● **Task input**:
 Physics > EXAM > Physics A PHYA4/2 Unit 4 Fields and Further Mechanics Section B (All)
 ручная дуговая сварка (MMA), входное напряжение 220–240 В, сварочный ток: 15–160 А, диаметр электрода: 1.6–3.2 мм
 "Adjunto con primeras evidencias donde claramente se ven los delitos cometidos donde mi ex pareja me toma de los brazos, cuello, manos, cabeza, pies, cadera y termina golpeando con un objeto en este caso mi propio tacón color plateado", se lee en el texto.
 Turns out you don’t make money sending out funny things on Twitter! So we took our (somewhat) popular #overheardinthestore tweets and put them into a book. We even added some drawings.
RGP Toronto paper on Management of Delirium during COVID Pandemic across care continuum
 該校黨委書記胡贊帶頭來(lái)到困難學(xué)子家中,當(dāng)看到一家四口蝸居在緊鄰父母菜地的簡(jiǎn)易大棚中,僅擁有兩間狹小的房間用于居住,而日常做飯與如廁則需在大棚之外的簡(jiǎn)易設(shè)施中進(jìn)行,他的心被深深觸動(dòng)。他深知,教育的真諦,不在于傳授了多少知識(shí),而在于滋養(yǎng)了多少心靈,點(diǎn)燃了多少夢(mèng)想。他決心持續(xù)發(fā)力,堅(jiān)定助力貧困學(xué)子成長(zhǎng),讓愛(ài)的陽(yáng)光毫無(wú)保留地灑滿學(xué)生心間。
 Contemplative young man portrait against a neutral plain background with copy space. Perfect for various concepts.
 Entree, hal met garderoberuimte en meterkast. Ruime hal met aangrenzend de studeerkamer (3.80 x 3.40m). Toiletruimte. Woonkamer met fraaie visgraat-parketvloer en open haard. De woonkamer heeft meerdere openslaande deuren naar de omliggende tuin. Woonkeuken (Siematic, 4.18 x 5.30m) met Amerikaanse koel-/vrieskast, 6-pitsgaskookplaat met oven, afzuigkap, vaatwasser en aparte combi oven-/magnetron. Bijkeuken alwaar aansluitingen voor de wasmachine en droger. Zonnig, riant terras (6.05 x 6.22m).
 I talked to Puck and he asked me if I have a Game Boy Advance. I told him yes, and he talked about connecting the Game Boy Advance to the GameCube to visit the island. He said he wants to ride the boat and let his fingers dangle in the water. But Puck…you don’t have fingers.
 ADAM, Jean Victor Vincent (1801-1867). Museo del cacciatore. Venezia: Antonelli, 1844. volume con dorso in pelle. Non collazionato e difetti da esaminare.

● **Task directions**:
Each line of the data is to be output exactly, with none skipped.

● **Task response**:
 Physics > EXAM > Physics A PHYA4/2 Unit 4 Fields and Further Mechanics Section B (All)
 ручная дуговая сварка (MMA), входное напряжение 220–240 В, сварочный ток: 15–160 А, диаметр электрода: 1.6–3.2 мм
 "Adjunto con primeras evidencias donde claramente se ven los delitos cometidos donde mi ex pareja me toma de los brazos, cuello, manos, cabeza, pies, cadera y termina golpeando con un objeto en este caso mi propio tacón color plateado", se lee en el texto.
 Turns out you don’t make money sending out funny things on Twitter! So we took our (somewhat) popular #overheardinthestore tweets and put them into a book. We even added some drawings.
RGP Toronto paper on Management of Delirium during COVID Pandemic across care continuum
 該校黨委書記胡贊帶頭來(lái)到困難學(xué)子家中,當(dāng)看到一家四口蝸居在緊鄰父母菜地的簡(jiǎn)易大棚中,僅擁有兩間狹小的房間用于居住,而日常做飯與如廁則需在大棚之外的簡(jiǎn)易設(shè)施中進(jìn)行,他的心被深深觸動(dòng)。他深知,教育的真諦,不在于傳授了多少知識(shí),而在于滋養(yǎng)了多少心靈,點(diǎn)燃了多少夢(mèng)想。他決心持續(xù)發(fā)力,堅(jiān)定助力貧困學(xué)子成長(zhǎng),讓愛(ài)的陽(yáng)光毫無(wú)保留地灑滿學(xué)生心間。
 Contemplative young man portrait against a neutral plain background with copy space. Perfect for various concepts.
 Entree, hal met garderoberuimte en meterkast. Ruime hal met aangrenzend de studeerkamer (3.80 x 3.40m). Toiletruimte. Woonkamer met fraaie visgraat-parketvloer en open haard. De woonkamer heeft meerdere openslaande deuren naar de omliggende tuin. Woonkeuken (Siematic, 4.18 x 5.30m) met Amerikaanse koel-/vrieskast, 6-pitsgaskookplaat met oven, afzuigkap, vaatwasser en aparte combi oven-/magnetron. Bijkeuken alwaar aansluitingen voor de wasmachine en droger. Zonnig, riant terras (6.05 x 6.22m).
 I talked to Puck and he asked me if I have a Game Boy Advance. I told him yes, and he talked about connecting the Game Boy Advance to the GameCube to visit the island. He said he wants to ride the boat and let his fingers dangle in the water. But Puck…you don’t have fingers.
 ADAM, Jean Victor Vincent (1801-1867). Museo del cacciatore. Venezia: Antonelli, 1844. volume con dorso in pelle. Non collazionato e difetti da esaminare.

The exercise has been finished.